Your assignment:
Write exactly the lines running from the start of the material below to the line that includes "- Natural-looking afro curls", and include no pictures.

Data excerpt:
□ □ □

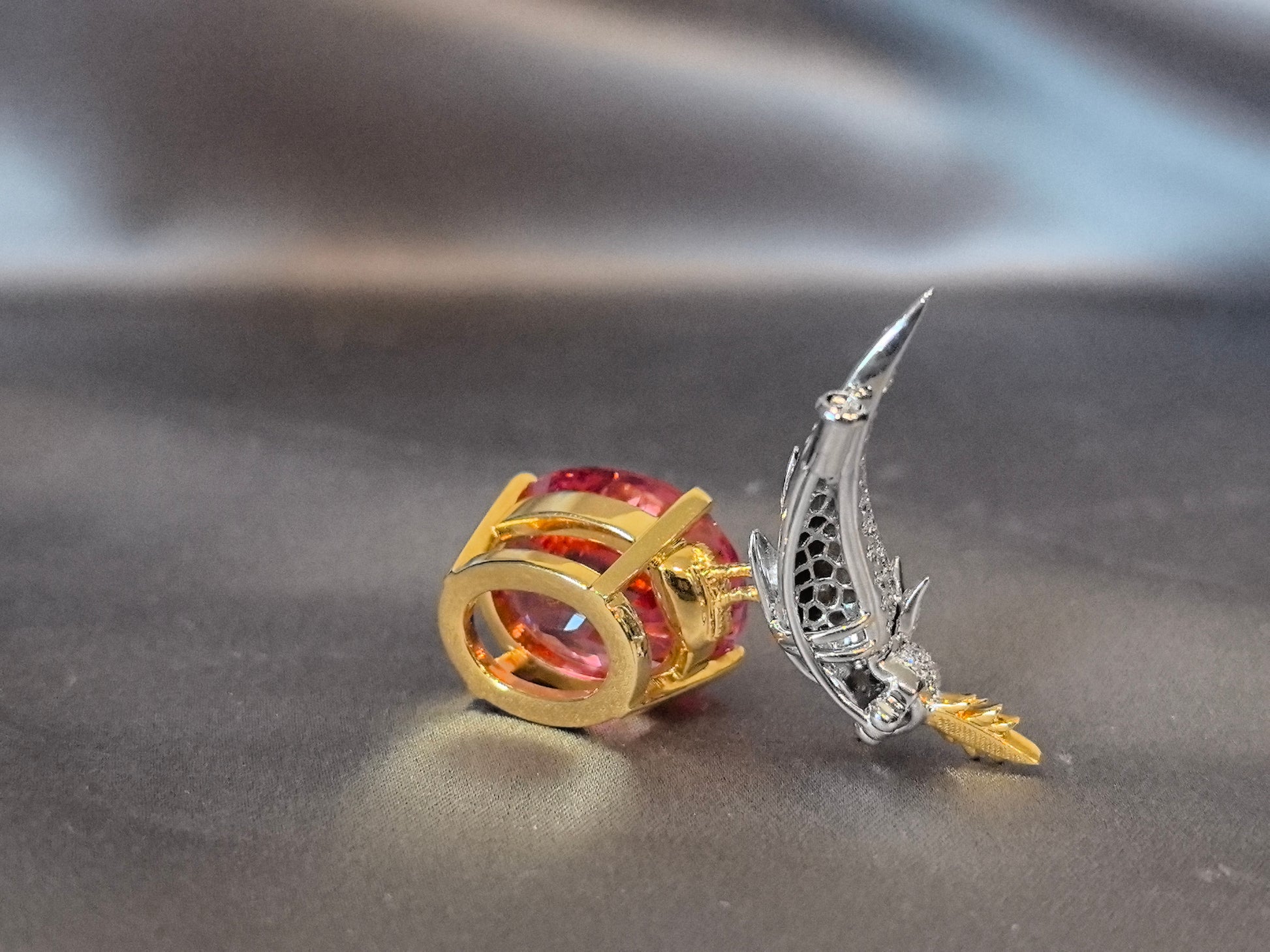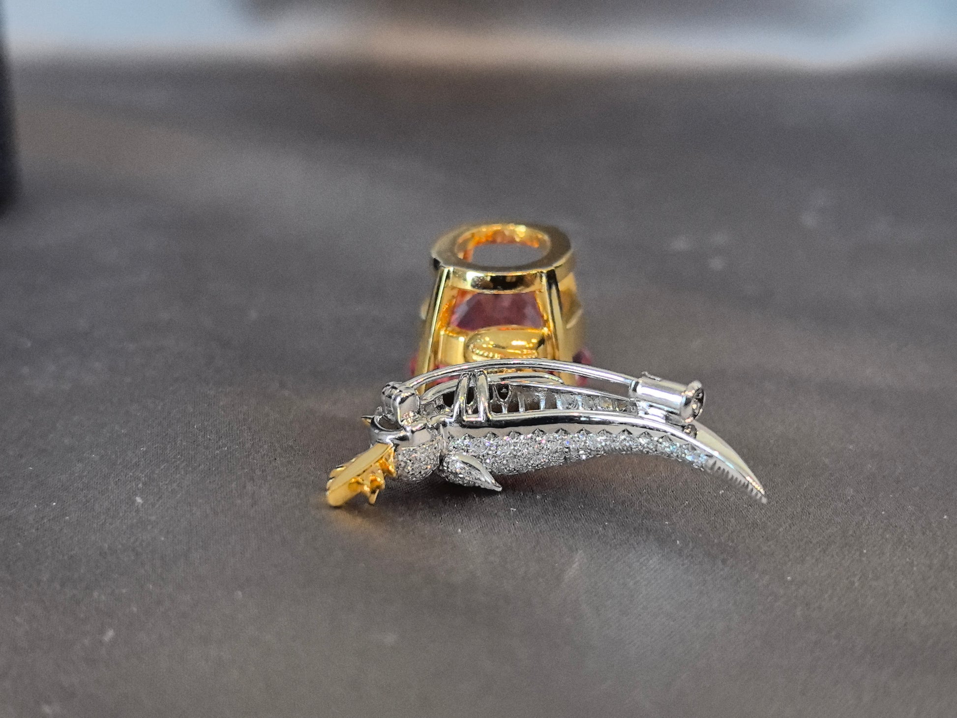 An heirloom-grade masterpiece of wearable art. This extraordinary brooch centers on a rare padparadscha-colored lab-grown sapphire, glowing with a unique sunset hue. Above it, a graceful bird motif is meticulously pavéd with brilliant lab-grown diamonds, capturing a moment of natural elegance and symbolizing freedom, all crafted to the highest standard of luxury.
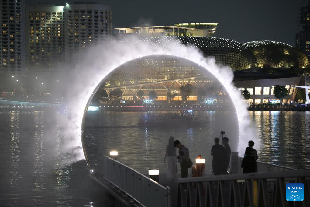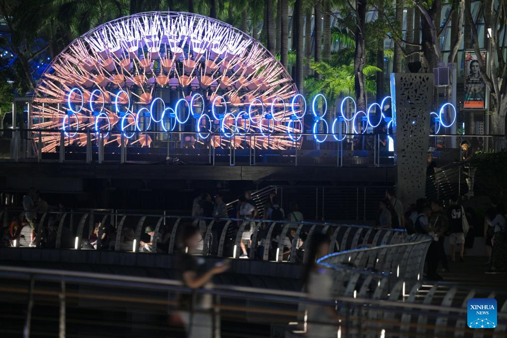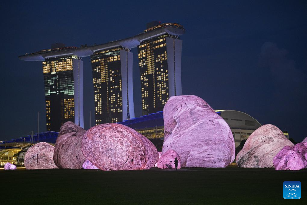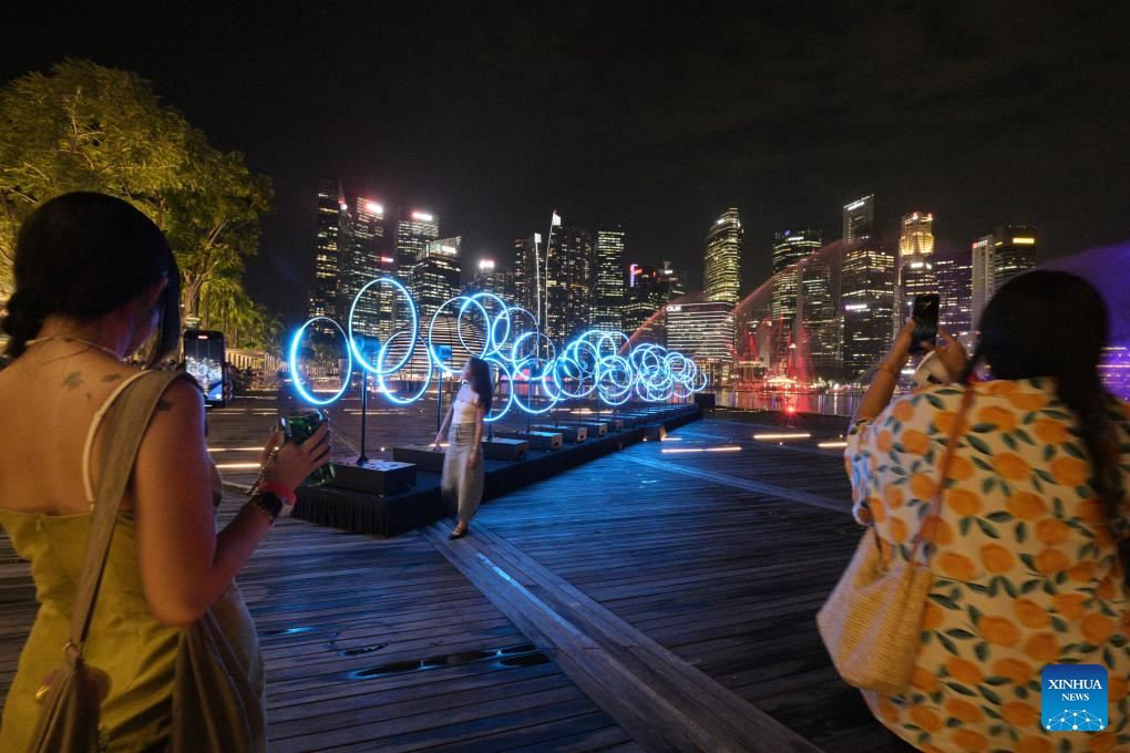 One of the art installations is seen during the media preview of the "i Light Singapore 2024" light festival, held at Singapore's Marina Bay area on May 28, 2024. (Photo by Then Chih Wey/Xinhua)
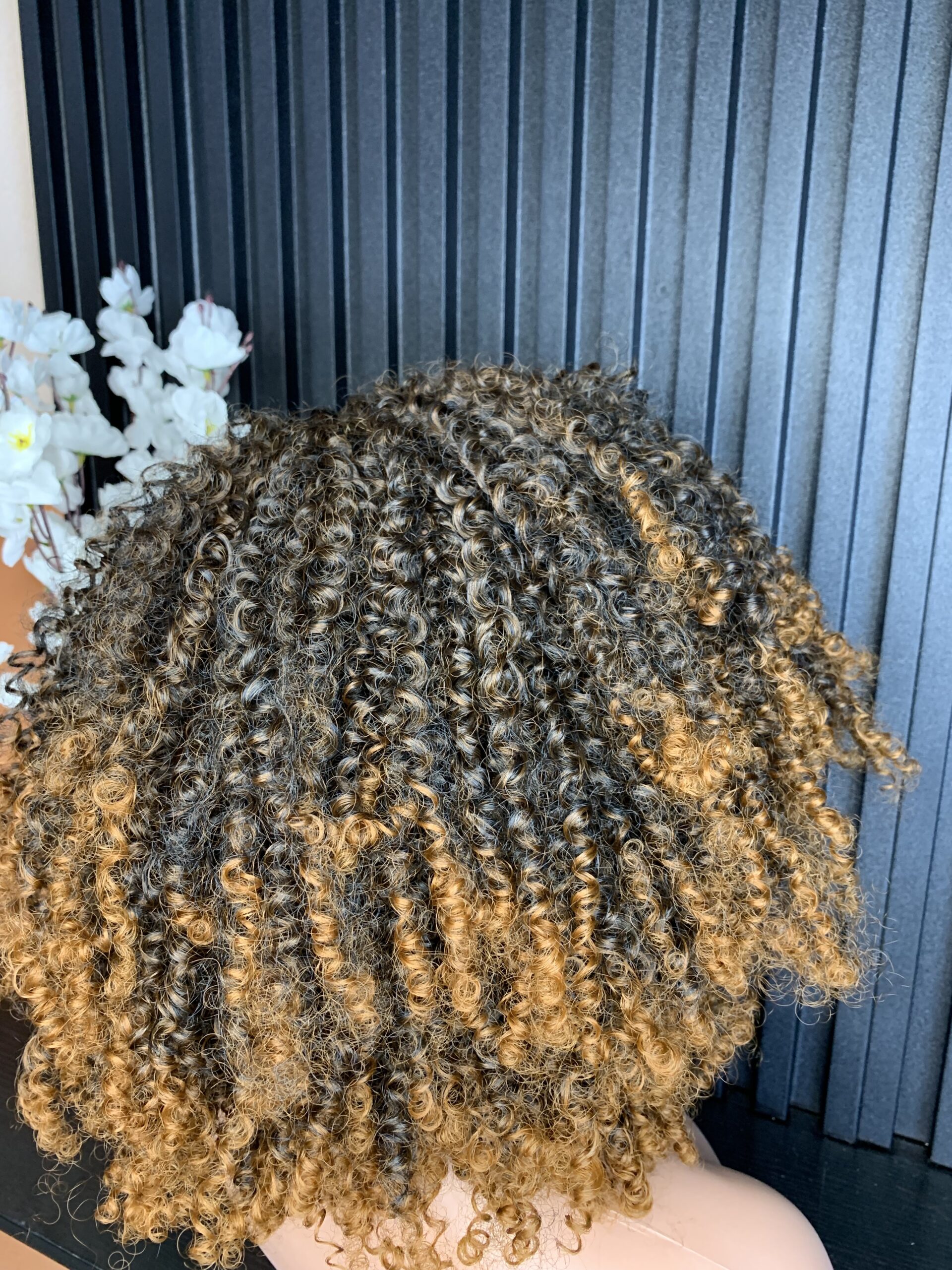 - Natural-looking afro curls
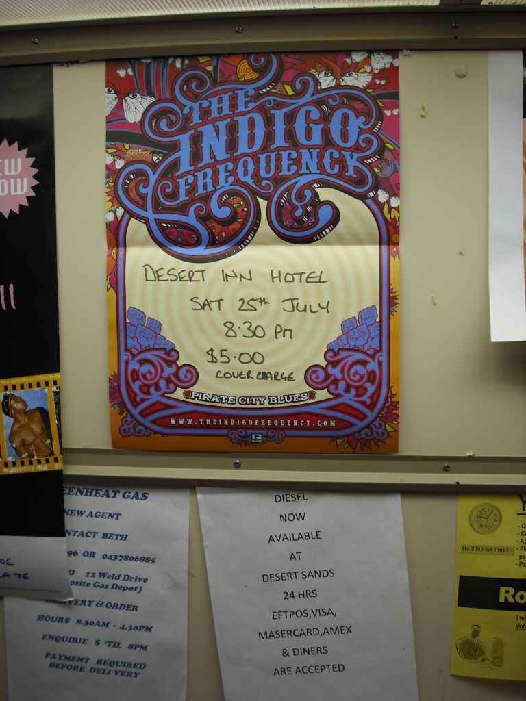 Então, depois de quase um ano morando em Sydney, o máximo que eu tinha conseguido era tocar em uma banda de reggae chamada “Ziggy and the Wild Drums”. Um belo dia, um cara me liga, perguntando se eu não estava interessado em tocar em uma banda que estava indo excursionar por seis meses no oeste da Austrália. Funciona assim: nós temos uma agente que mora em Perth, capital de WA (Western Australia). Ela marca os shows e a gente vai! Somos em quatro: eu, um baixista, um guitarrista/cantor e a mulher dele. Viajamos em duas vans: eu e o baixista em uma, o cantor e a mulher na outra. Tocamos em média 3 vezes por semana, geralmente no mesmo local/cidade, quando temos comida e acomodação inclusa. Nos outros dias estamos viajando, para chegar ao próximo “destino”. Dormimos na van em média 4 noites por semana e acampamos no deserto. Wa é o maior estado em extensão da Austrália, equivalente a 1/3 do seu território. A população, porém, é de apenas 10%. Ou seja: é muito espaço e pouca gente. Diante disso, temos que viajar grandes distâncias para chegar ao local dos próximos shows. As vezes isso chega a mais de mil km, que costumamos dividir em dois ou três dias de viagem. A gente viaja para onde o dinheiro esta! WA vive basicamente da extração de minérios e pedras preciosas. Por isso, existem muitas minas por aqui. E minas pagam bem! É claro que, no meio disso, tocamos em pubs, barzinhos, etc, etc. Mas muito frequentemente vamos a estas “minas”. São locais no meio do nada, onde são construídos pequenos “vilarejos” para abrigar os trabalhadores. Trata-se de uma infra-estrutura básica para que as pessoas possam morar e trabalhar. E é nestes lugares que a gente toca! Pouquíssimas bandas tem a “coragem” de fazer isso, pois, como se pode imaginar, são áreas muito remotas, de difícil acesso. Tocamos em diversos locais de predominância aborígene, onde eles são “maioria”. Trata-se de um povo extremamente pacífico que, infelizmente, está tendo que engolir a cultura ocidental na marra. Devido a esta “adaptação” forçada, vivem a margem da sociedade, frequentemente com sérios problemas de drogas e alcolismo. A Austrália tem apenas 200 anos. Esse povo ficou quase 80 mil anos sem nenhum contato com o “homem branco”. Agora, infelizmente, sofre as consequências de ter que engolir tudo isso. No momento, estamos “estacionados” em uma cidade mineiradora chamara Kalgoorlie. Trata-se, segundo consta, da maior mina de ouro do hemisfério sul. Recentemente estive lá para conferir: é realmente assustador. Moro no andar de cima de um pub (que costumava funcionar como um hotel) e tenho um quarto só pra mim! O pub chama-se The Rock Inn e está prestes a comemorar 110 anos de idade. Provavelmente a mesma idade da mina de ouro.

□ □ □

Response area:
 An heirloom-grade masterpiece of wearable art. This extraordinary brooch centers on a rare padparadscha-colored lab-grown sapphire, glowing with a unique sunset hue. Above it, a graceful bird motif is meticulously pavéd with brilliant lab-grown diamonds, capturing a moment of natural elegance and symbolizing freedom, all crafted to the highest standard of luxury.
 One of the art installations is seen during the media preview of the "i Light Singapore 2024" light festival, held at Singapore's Marina Bay area on May 28, 2024. (Photo by Then Chih Wey/Xinhua)
 - Natural-looking afro curls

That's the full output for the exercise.